Both hardware and software affect performance In hardware there is CPU speed, memory size, network speed, cache size, disk size and speed, etc. In software its in the basic algorithms, data layout, and various things that we can do in software to exploit the hardware. Think of the software goal as helping the hardware run more efficiently.

What can we do to improve performance? Buying faster and bigger machines should improve performance but this is not always practical From a software viewpoint we always need to examine the algorithmic complexity of the system. Some examples are: When sorting data it is important to pick an algorithm appropriate for the data items and keys (Sometimes insertion sort is the right choice) Avoid redoing complicated calculations multiple times. This is where you weigh the cost of storing an answer versus redoing the calculation Avoid unnecessary overhead such as maintaining extra pointers linked data structures. Note that this item can go against making a product extensible, maintainable, and easily debug-able. Are there other examples?

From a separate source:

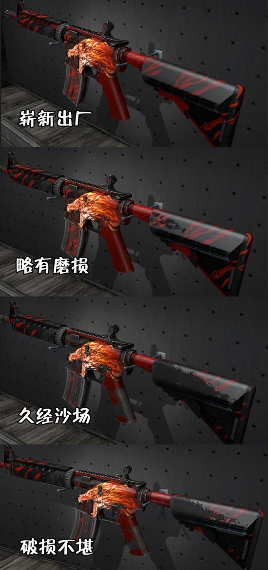 红鹰是全磨损区间,不吃磨损吃亮度,随着磨损提升,亮度越来越暗。从外观上来看,久经、略磨、崭新均可,只有亮度差别,挑一款自己喜欢的即可。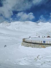 达古冰川勇于挑战,值得一去。最近的遥远,最原始的壮观。带着喜欢的人,非常不错,取票方便。景区有短驳车直接把你送到索道入口。,而且在这段路上有几点景点都会停下让你拍照。到索道后直接上索道到达顶峰。这时间去上面雪很大风也很大。但是有太阳风景就非常漂亮

More improvements Picking the right implementation language and constructs within the language also has an impact on performance. But beyond algorithmic complexity the single most important thing you can do to increase performance is properly layout your data structures. Grouping commonly accessed data item close together typically increases both hardware and software cache efficiency (i.e., a smaller working set). Note however, that this might go against the logically design of the system. Also on a MP system we have to worry about cache line tearing.

Still more areas for improvement Other software things to consider include: Function call overhead Process and thread switching overhead Kernel call overhead Disk and other I/O bottlenecks Lock contention, especially on MP systems

A sideways look at performance Percent of CPU usage and idle times are sometimes a measure of system efficiency. This metric is pretty much ignores speed and is more concerned with why the processor is idling. Resolving page faults and lock contention are two of the big bug-a-boos here.

Heap performance enhancements What are groups doing? Have you looked at lock contention? Have you looked at how often you’re going to need to call down to the OS? Have you looked at memory footprint and data structure layout?

Cross platform development By nature, does cross platform development go against achieving performance goals?